Aarhus Universitets segl

No 246: New phosphorus model for estimating annual water-weighted concentration of total phosphorus from diffuse sources in ID15 catchments

Larsen, S.E., Kjeldgaard, A., Windolf, J., Tornbjerg, H. & Kronvang, B. 2022. Ny fosformodel til estimering af årlig vandføringsvægtet koncentration af total fosfor fra diffuse kilder i ID15-oplande. Aarhus Universitet, DCE – Nationalt Center for Miljø og Energi, 80 s. - Teknisk rapport nr. 246. http://dce2.au.dk/pub/TR246.pdf

Summary

In this report, statistical analyses were carried out in several steps with the purpose of developing a new model for the simulation of flow-weighted total phosphorus concentrations in streams draining catchments with an average area of approx. 20 km2. The final product is the presented model predicting the annual concentration of total phosphorus (TP), developed in the machine learning software ‘DataRobot’.

The purpose of the statistical analyses was to develop a model based on logarithm-transformed data. The data set used for the development of the model included data on a total of 207 catchments with 2389 observations of the flow-weighted annual TP concentration as input for the DataRobot cross-validation. A completely independent dataset contained data from 142 catchments with 1261 observations of the flow-weighted annual concentration of TP.

The developed machine learning model is of the type ‘Xtreme Gradient Boosted Trees Regressor with early stopping’. The model encompasses a total of 13 explanatory variables, including, as the most significant, the extent of drainage in the catchment, the built-up area in the catchment, the level of cultivation in the catchment, the extent of the ground erosion in the catchment and the annual deviation in precipitation from a long-term average.
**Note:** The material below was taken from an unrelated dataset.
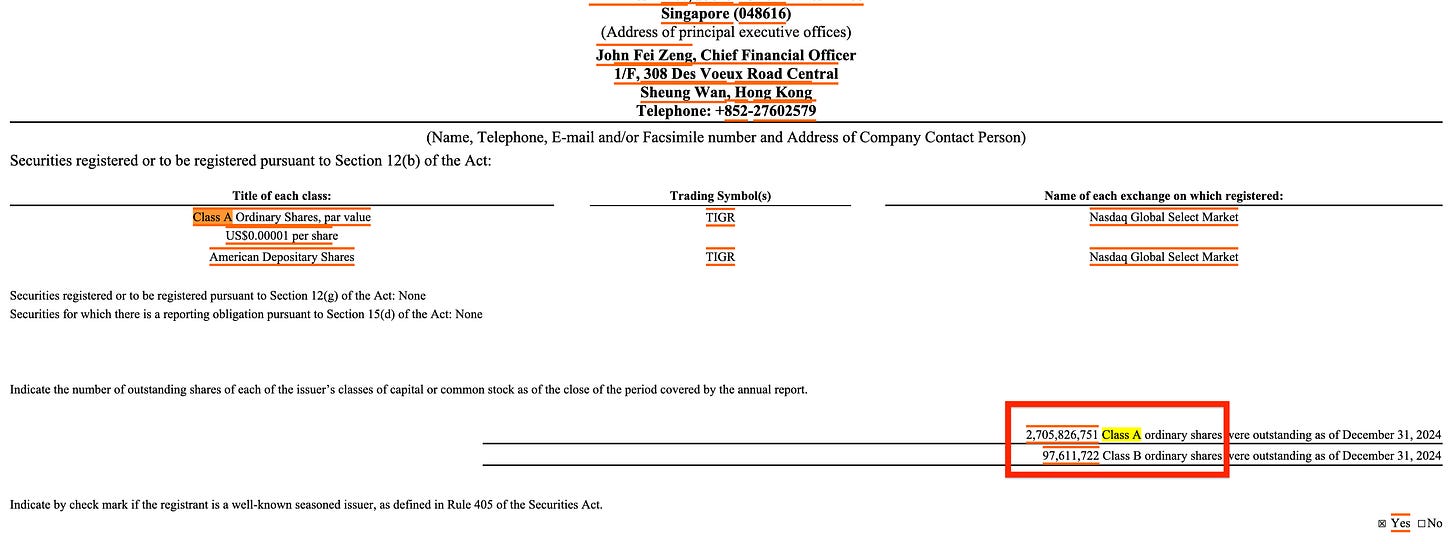 Another governance risk worth addressing is Tiger’s dual-class share structure. Like many Chinese ADRs, the company has split its equity into Class A and Class B ordinary shares, with Class B carrying 20 votes per share versus one for Class A.

The three layers in the development of the machine learning model in DataRobot had the following degrees of explanation: The training data set included 64% of the data (R2 = 0.69), the validation data set included 16% of the data (R2 = 0.71), and the holdout data set included 20% of the data (R2 = 0.67). In addition, the model was validated against the independent dataset, which had a good degree of explanation (R2) both before (0.62) and after (0.41) retransformation. This is a much higher degree of explanation than in the formerly used TP-model in NOVANA.

When switching from the current bias-corrected TP model to the newly developed machine-learning TP model presented in this report, there was an average decrease in the TP supply to coastal waters in Denmark of approx. 3% in the period 1990-2019. The switch to the new TP model will, in some years, change the input to second order coast sections with a maximum decrease from 0.9 to 6.9%. 

The uncertainty of the developed new machine learning TP model was calculated on the basis of the validation of the model against the completely independent validation data set on type catchments (N = 1261) as well as the calibration data set (N = 2389). Root Mean Square Error (RMSE) is estimated to be very small and hence a good model (< 0,2) for the vast majority of the georegions based on the independent validation data. Also the mean absolute error (MAE) is relatively small in most georegions (0.003-0.055 mg P/l).